Task details:
Drop every picture, then transcribe the remaining data exactly.

Provided data:
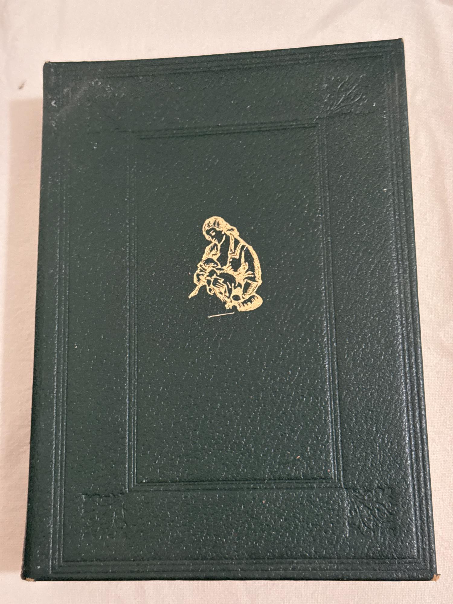 Tapa dura símil pell amb dibuix i lletres gravades en daurat
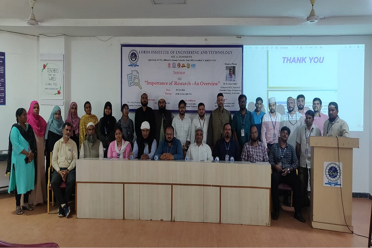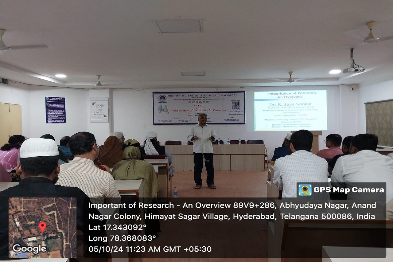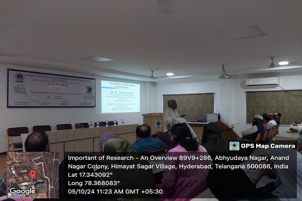 Description: The seminar on Importance of Research and -An overview was conducted on 05-10-2024 at Lords Institute of Engineering and Technology led by renowned expert Dr. K. Jaya Sankar. The engaging presentation highlighted research’s crucial role in advancing knowledge, innovation, and solving real-world problems. Emphasizing critical thinking, analytical skills, and interdisciplinary collaboration, Dr. Sankar shared inspiring examples of successful research projects and their societal impact. The interactive session fostered meaningful discussions and networking among attendees, inspiring a research-oriented mindset. The seminar was a resounding success, providing valuable insights and encouraging participants to explore new research possibilities.
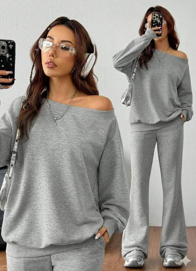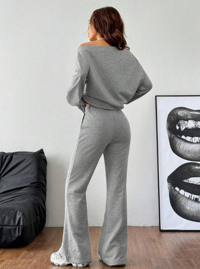 Kadın Uzun Kollu Tek Omuzdan Açık Iki Iplik Bluz Ve Pantolon Ikili Takım

Exercise solution:
 Tapa dura símil pell amb dibuix i lletres gravades en daurat
 Description: The seminar on Importance of Research and -An overview was conducted on 05-10-2024 at Lords Institute of Engineering and Technology led by renowned expert Dr. K. Jaya Sankar. The engaging presentation highlighted research’s crucial role in advancing knowledge, innovation, and solving real-world problems. Emphasizing critical thinking, analytical skills, and interdisciplinary collaboration, Dr. Sankar shared inspiring examples of successful research projects and their societal impact. The interactive session fostered meaningful discussions and networking among attendees, inspiring a research-oriented mindset. The seminar was a resounding success, providing valuable insights and encouraging participants to explore new research possibilities.
 Kadın Uzun Kollu Tek Omuzdan Açık Iki Iplik Bluz Ve Pantolon Ikili Takım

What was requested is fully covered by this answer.